The cache stores the compiled ExecutionPlan — the buffer layout and GPU dispatch sequence — not the model weights. You still need to call session.set_parameter(...) to load weights after building from cache.

Using build_session_cached

Replace build_session with build_session_cached and pass a path for the cache file:
use std::path::Path;
use meganeura::{Graph, build_session_cached};

// Build your forward graph as normal.
let mut g = Graph::new();
let x = g.input("x", &[4, 784]);
let w1 = g.parameter("w1", &[784, 128]);
let b1 = g.parameter("b1", &[128]);
let mm1 = g.matmul(x, w1);
let h1 = g.bias_add(mm1, b1);
let a1 = g.relu(h1);
let w2 = g.parameter("w2", &[128, 10]);
let b2 = g.parameter("b2", &[10]);
let mm2 = g.matmul(a1, w2);
let logits = g.bias_add(mm2, b2);
let labels = g.input("labels", &[4, 10]);
let loss = g.cross_entropy_loss(logits, labels);
g.set_outputs(vec![loss]);

// First run: compiles and saves the plan.
// Subsequent runs: loads from cache if the graph is unchanged.
let mut session = build_session_cached(&g, Path::new("model.plan.ron"));
On the first run, build_session_cached runs the full pipeline (autodiff → optimize → compile) and saves the resulting ExecutionPlan to model.plan.ron. On subsequent runs, it reads the file, checks the graph hash, and — if the graph is unchanged — skips straight to Session::new. The compile time reported in the benchmarks table is 0 s because Meganeura always caches after the first build.

How cache invalidation works

The cache stores a fingerprint of your forward graph alongside the plan. The fingerprint hashes:
  • The number of nodes in the graph
  • The operation type at each node (matmul, relu, parameter, etc.)
  • The input edges of each node
  • The tensor shape at each node
  • The name of every Parameter and Input node
  • The graph output list
If any of these change — different shapes, renamed parameters, added/removed layers — the hash will not match and build_session_cached will recompile and overwrite the cache. A log message is emitted when this happens:
cache invalidated: graph hash mismatch
If the cache file does not exist yet, the function silently runs the full pipeline.

Cache file format

The cache is serialized as a RON (Rusty Object Notation) text file. RON is a human-readable format structurally similar to Rust expressions. The file contains a CachedPlan struct with two fields:
CachedPlan(
    graph_hash: 12345678901234567,
    plan: ExecutionPlan(
        buffers: [...],
        dispatches: [...],
        ...
    ),
)
You can inspect or version-control this file, though it is large for non-trivial models. It is safe to delete — build_session_cached will simply recompile.
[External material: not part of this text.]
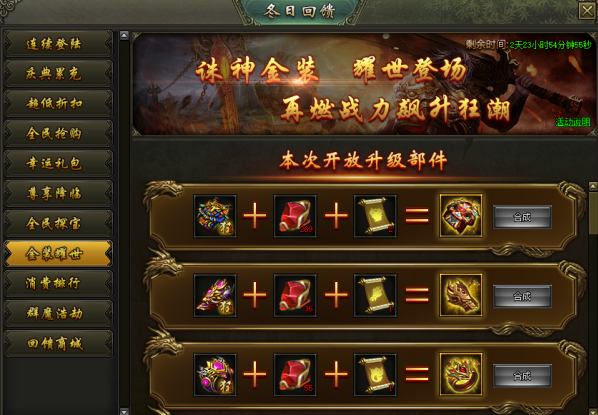 活动说明:活动期间,诛神金装耀世登场,穿戴之后战力飙升

Lower-level cache functions

If you need finer control, you can call the cache functions directly from the meganeura::cache module:
use meganeura::cache;
use std::path::Path;

// Save a compiled plan to disk (paired with the graph it was compiled from).
cache::save_plan(&plan, &forward_graph, Path::new("my_plan.ron")).unwrap();

// Load a cached plan — returns None if the file is missing or the hash mismatches.
if let Some(plan) = cache::load_plan(&forward_graph, Path::new("my_plan.ron")).unwrap() {
    let session = meganeura::runtime::Session::new(plan);
    // use session...
}
save_plan computes the graph hash and writes it alongside the ExecutionPlan in RON format. load_plan returns Ok(None) for a missing file (not an error), and Err(...) only for a corrupt or unreadable file.

What is and is not cached

CachedNot cached
Buffer layout (sizes, dtypes)Model weights (set_parameter data)
GPU dispatch sequenceInput data
Kernel indices and workgroup sizesOptimizer state (Adam moments)
Fused op selectionsGPU device objects (recreated in Session::new)
The cache is purely a compilation artifact. Weights are stored separately — in memory while training, or in checkpoint files you manage yourself.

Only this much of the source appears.